Dr. Kesici: Bakanlığın müsilaj eylem planı çözüm sunmuyor

Geçtiğimiz yıl müsilaj üzerine uyarılarda bulunan limnolog Dr. Erol Kesici, bakanlığın hazırladığı müsilaj eylem planının kirliliğin ortadan kalkması için çözüm sunmadığını söyledi.

Dr. Erol Kesici, müsilajın yüzeysel olarak temizlendiğini yeniden oluşmaması için etkin çözümlerin uygulanmadığını söyledi.
Google Haberlere Abone ol

Pelin Akdemir

DUVAR - Çevre, Şehircilik ve İklim Değişikliği Bakanlığı, geçen sene Marmara'da görülen müsilaj kirliliğine yönelik Marmara Denizi Bütünleşik Stratejik Planı’nı hazırladı. Planı değerlendiren Dr. Erol Kesici, planın Marmara Denizi’ndeki kirliliğin temizlenmesi için bir çözüm sunmadığını söyledi.

Dr. Kesici, Marmara Denizi için “ağır hasta” tanımlaması yaparak “Ben bu reçeteyi çözüm olarak görmüyorum, iyi niyet olarak görüyorum” eleştirisinde bulundu.

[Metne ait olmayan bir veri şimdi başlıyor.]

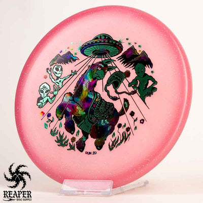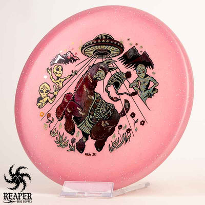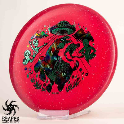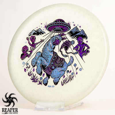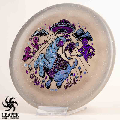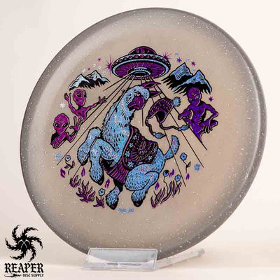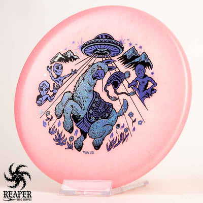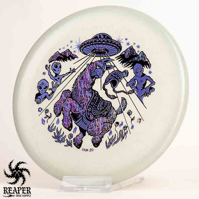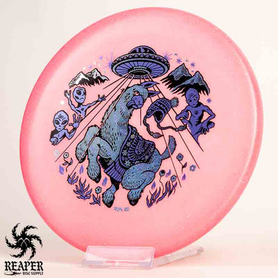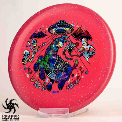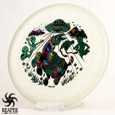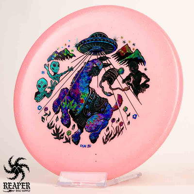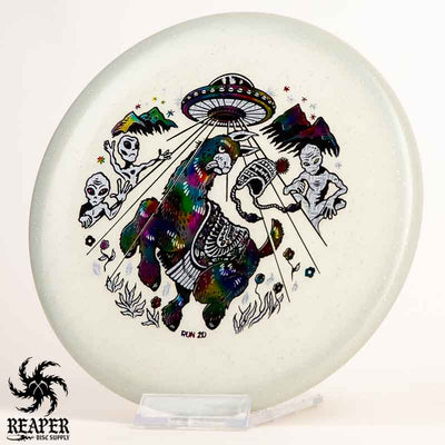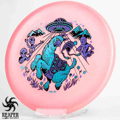 The Infinite Discs Metal Flake Glow C-Blend Alpaca is a stable putt and approach disc with an awesome stamp!
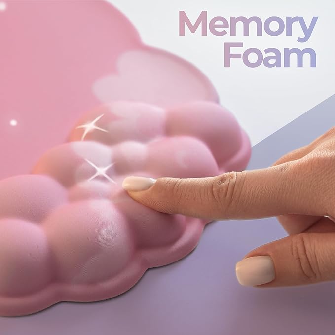 - Signature Cloud Design & Style: Elevate your workspace with our charming cloud-shaped design. This unique gaming wrist rest and matching cloud mouse pad with wrist rest set is available in stylish colors, adding personality and comfort perfect for students, gamers, and modern office setups.

PLAN 2021-2024 YILLARINI KAPSIYOR

Geçen yıl mart ayında Marmara Denizi’nde ortaya çıkan müsilajın ardından Çevre, Şehircilik ve İklim Değişikliği Bakanlığı harekete geçti. Planda, müsilaj kirliliğinin sebepleri ve sonuçları, kirliliğin Marmara Denizi ekosisteminde yol açtığı tahribat ele alınırken müsilaja kalıcı çözümler üretilmesi için yapılacaklar listelendi. Planın hazırlanması kapsamında, Marmara Denizi Hidrolojik Havzası’nda bulunan boğazlar, Susurluk Havzası, İstanbul, Bursa, Kocaeli illerinin tamamında inceleme yapıldı.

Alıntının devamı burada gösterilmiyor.